An integrated approach to determine the abundance, mutation rate and phylogeny of the SARS-CoV-2 genome.
Desai S, Rashmi S, Rane A, Dharavath B, Sawant A, Dutt A.

Next-generation sequencing (NGS) techniques have been widely used in the current Covid-19-pandemic to study various aspects of the SARS-CoV-2 genome dynamics. Global consortia efforts are aimed at extensive sequencing of the viral samples across populations, in search for therapeutic and preventive intervention avenues. However, plurality in the technology of sequencing generates diverse NGS data, requiring specialized analysis platforms. This presents a formidable computational challenge in public health laboratories engaged in studying epidemic outbreaks, thus limiting its application. To address this, we have developed Infectious Pathogen Detector (IPD), a graphical user interface (GUI) based automated quantification, variant and phylogenetic analysis pipeline for 1060 pathogens from heterogeneous NGS data.

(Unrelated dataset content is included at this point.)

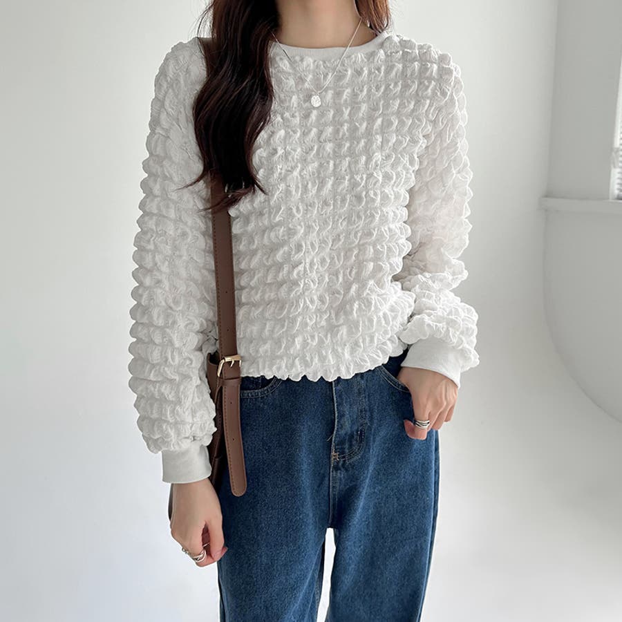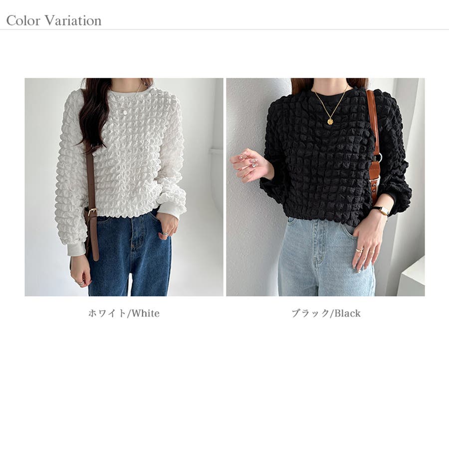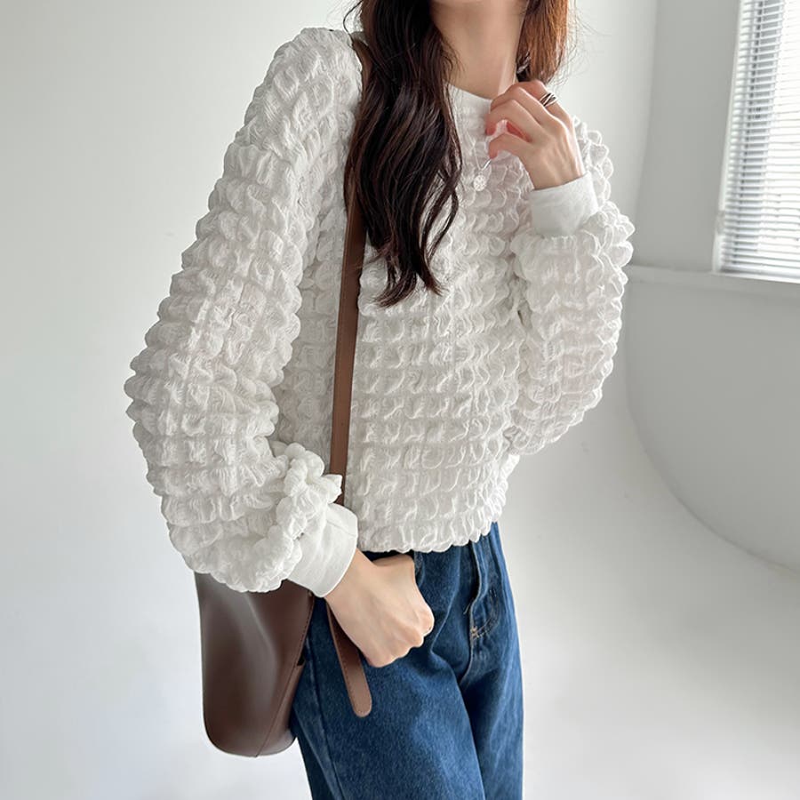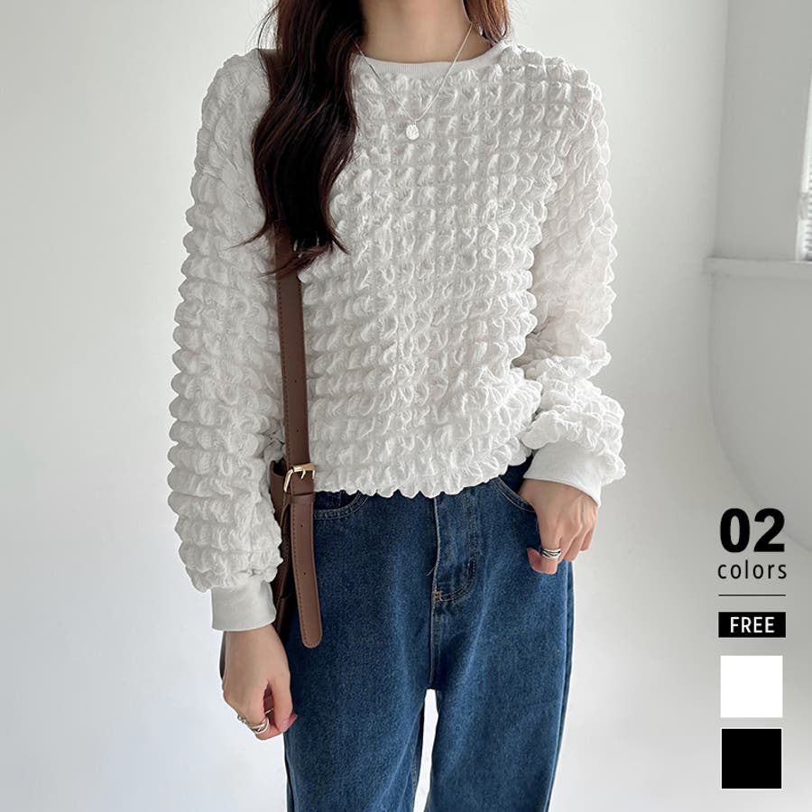 ポコポコ ポップコーン トップス レディース 長袖 プルオーバー ジャガード ワッフル シャーリング カットソー ぽこぽこ 立体 凹凸 コンパクト ショート丈 ショート ぽわん ぽわん袖 ポワン ボリューム ボリュームスリーブ ボリューム袖 バルーン バルーン袖 袖リブ クロップド クロップド丈 ラウンドネック クルーネック ゆったり 大きめ 大きい tops 着回し 無地 ふんわり 1枚で決まる 洗える 骨格ウエーブ ガーリー フェミニン カジュアル 大人 オトナ かわいい 可愛い 大人可愛い きれい きれいめ キレイめ おしゃれ オシャレ 女性 母 ママ ママコーデ プチプラ 高見え フリーサイズ トレンド ヒット 商品 おすすめ 服 ファッション ホワイト 白 ブラック 黒 新作 2023aw 2023AW 23年 2023 秋冬新作 春秋 秋冬 春 秋 冬 春服 秋服 冬服 韓国 韓国ファッション 10代 20代 30代 40代 50代 cocomomo ココモモ

We demonstrate application of IPD, analysing 1500 short- and long-read SARS-CoV-2 sequencing datasets, including pre-COVID-19 pandemic probands. The pathogen quantitation module could identify a varying burden (5.05 - 999655.7 FPM) of SARS-CoV-2 transcripts from the pandemic probands, while MERS and other pathogen reads were found in the pre-pandemic probands in the range of 22.7 - 455997.7 FPM. The IPD based variant analysis on the SARS-CoV-2 positive samples could identify 4634 SARS-CoV-2 variants (~ 3.05 per sample) across the genome with hotspot mutations in the ORF1ab and S gene, as reported earlier. Using the variants identified, we further performed phylogenetic clade assignment to demonstrate utility of IPD in performing isolate/ strain tracing. IPD is enabled with a GUI, allowing researchers to use it without any prior computational know-how, to generate an automated report for individual or bulk samples. IPD is freely available for download at: http://www.actrec.gov.in/pi-webpages/AmitDutt/IPD/IPD.html.

In summary, we present a GUI based, integrated pathogen analysis pipeline IPD and demonstrate its utility by analysing several publicly available SARS-CoV-2 genomic datasets. The IPD predicts the occurrence and dynamics of variability among infectious pathogens—with a potential for direct utility in the COVID-19 pandemic and beyond, to help automate the NGS based pathogen analysis and in responding to public health threats, efficaciously.